1.4. Типология и характеристика направлений антропологии

начала XX в.

Для неклассической философии XX в. характерна своеобразная антропологическая пере­ориентация, связанная с осознанием кризисности чело­веческого существования, выявлением его онтологичес­кой "бездомности" и неукорененности, признанием его творческих возможностей и одновременным понимани­ем неизбежных ограниченности и разрушительности его притязаний.

Интерпретация проблемы человека осуществ­ляется здесь в контексте таких основных подходов, как натурализаторский, экзистенциальный и социологизаторский.

[I] Современный натурализм реализуется в двух основных вариантах:

1) Биологизаторские модели человека, описывающие его по аналогии с другими сложными ор­ганизмами, продолжением и развитием которых высту­пают общество и человек (позитивизм, необихевиоризм, социобиология и др.). Характерный пример реализации натуралистического подхода к человеку в рамках междисциплинарного синтеза демонстрирует социобиология. Отечественный исследователь проблем антропологии, специально анализировавший социобиологические подходы, С.А.Никольский отмечает, что «социобиология возникла на базе эво­люционной теории Ч. Дарвина, а также современных биологи­ческих дисциплин»5. В реконструкции предметной матрицы социобиологии С.А. Никольский ссылается на определение Э. Уилсона, согласно которому социобиология представляет собой «распространение принципов популяционной биологии и эволюционной теории на социальную организацию». В пределах очерченного поля исследования ученый формулирует два основных постулата.

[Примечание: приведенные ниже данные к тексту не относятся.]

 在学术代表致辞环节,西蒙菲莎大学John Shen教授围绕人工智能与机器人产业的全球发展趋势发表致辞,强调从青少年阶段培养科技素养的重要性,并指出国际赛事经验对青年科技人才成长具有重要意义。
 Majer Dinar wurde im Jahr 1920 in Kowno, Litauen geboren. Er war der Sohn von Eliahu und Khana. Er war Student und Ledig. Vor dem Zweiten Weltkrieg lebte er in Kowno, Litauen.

Первый постулат: у вида (включая человека) не может быть «трансцендентальных» целей, возникших вне его собственной биологической природы. Человека нельзя считать биологической машиной, но в нем есть биологические механизмы, не допускающие целей и социальных действий, противных его биологической природе.

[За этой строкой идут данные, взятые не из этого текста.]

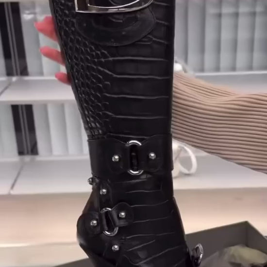 Botas altas en acabado efecto piel croco negro, con diseño elegante y atrevido. Presentan punta fina, tacón de aguja estilizado y hebillas metálicas en tono plateado que destacan por su carácter sofisticado. El detalle del logo en relieve añade un toque exclusivo, convirtiéndolas en un accesorio imprescindible para un look glamuroso y lleno de actitud.
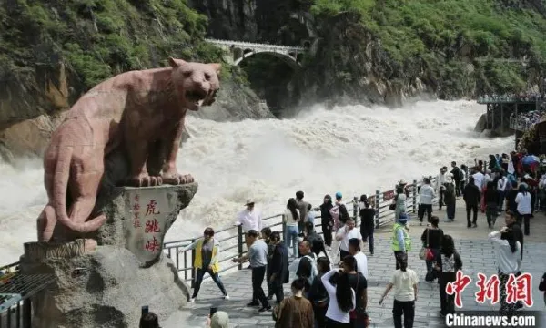 云南香格里拉虎跳峽景區江水澎湃吸引游客
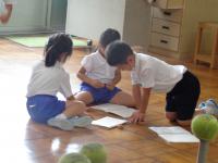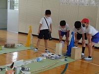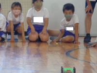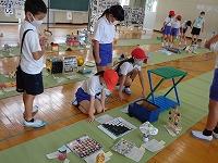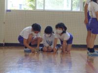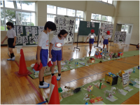 3年生の理科ではゴムを伸ばした時に元に戻ろうとする働きを使うことで、物を動かすことが出来ることを学びました。ゴムを長くのばすほど、物を動かす働きは大きくなることを学習した後に、ゴールインゲームをしていました。スタート地点から7m離れた駐車場に車をぴたりと駐車させるゲームです。「1回目は12cm伸ばしたけれど、ちょっと届かなかったから、次は13cmにしてみよう。」と試行錯誤しながら挑戦していました。グループで相談して長さを決め、慎重にゴムを伸ばす子供たち。「あー、あとちょっとやった。」「前のタイヤは駐車場に入ったのに。」と残念がる子どもたちや、「行けそう、行けそう・・・やったあ。入ったあ。」と飛び上がって喜ぶ子どもたちなど、いろいろな子どもたちの姿が見られました。
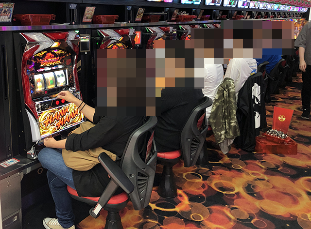 14時を過ぎた頃のパチスロで、とくに目立っていたのが「ツインドラゴンハナハナ-30」。
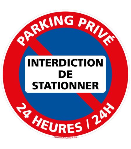 SIGNALETIQUE.BIZ FRANCE Panneau Interdiction de Stationner, Panneau de Signalisation Taille Standard 250 mm. Parking privé Interdiction de stationner 24h/24 . - Parking

Второй постулат: особенности природы человека лишь малая часть свойства природы других видов, большинство стереотипных форм поведения человека свойственны другим живым существам, а во многих отношениях (например, в коопе­рации, разделении труда, альтруистическом поведении) люди уступают сообществам насекомых. Поэтому определить ценность или вред детерминирующих человеческое поведение врожденных характеристик можно, лишь проникнув «в самую сердцевину нашей гуманности», глубоко изучив эволюцию социального пове­дения всех живых существ. В целом пафос исследований социобиологов состоит в том, что учитывается информация о генетических, экологических и эволюционных аспектах поведения животного и по аналогии с ней формулируются принципы адаптивного поведения человека. Предполагается, что всегда можно найти вид животного, который демонстрирует поведение, сходное с поведением человека.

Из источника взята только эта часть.